The last basic necessities for my site is error pages. Using the same method as earlier with the routes, but after app.use(express.static(path.join(__dirname, 'public'))); I insert require('./routes/error')(app);. This needs to come after the public static path otherwise this route will be riddled with asset calls (image & styles) since no path is provided.

In routes/error.js the follow code will route the request to views/404.vash or views/500.vash.

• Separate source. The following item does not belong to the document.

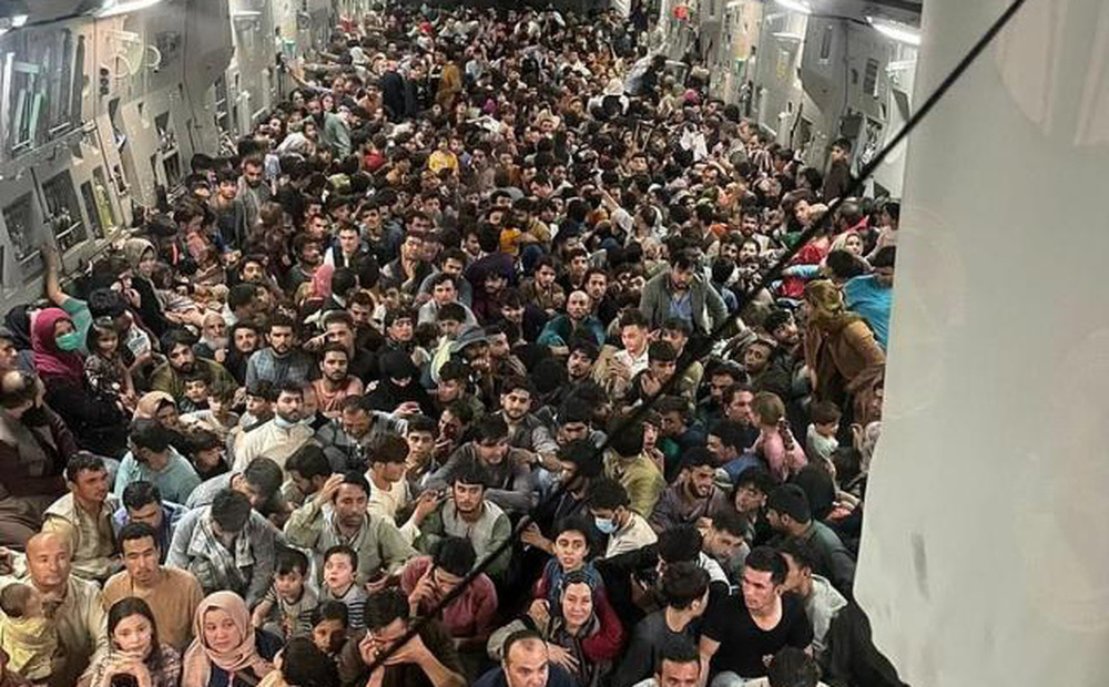 Các bức ảnh do báo Mỹ đăng tải cho thấy cảnh máy bay vận tải quân sự C-17 của Mỹ chật cứng người tị nạn Afghanistan, trong khi binh sĩ Mỹ bất lực ngăn chặn.

module.exports = function ( app )
{
    app.use( function ( req, res )
    {
        res.status( 400 );
        res.render( "404.vash", {});
    });

    app.use( function ( error, req, res, next )
    {
        res.status( 500 );
        res.render( "500.vash", {});
    });
}

Each view has static content so for now I'm passing an empty object.

Conclusion

My experience with node so far has gone alright. I have concerns about callback chaining and the impact it will have on refactoring. I feel like I'm putting more effort than I should into doing simple tasks, writing myself into a giant plate of spaghetti code. I'll chalk up my experiences thus far to inexperience.

The nodejstools plugin for Visual Studio has a ways to go. I had stability issues with Visual Studio, NPM manager would seemingly randomly stop working until I restarted Visual Studio, and the package manager no longer gives me search results. It is in beta so I'll give it some time, but I'll probably end up moving to Sublime or WebStorm for node development.

I'm going to take the post topic a bit further with a search provider and archive section so we'll see how it goes from here. You can view this project as a whole in my blog's github account, along with any other code snippets my posts contain in the future.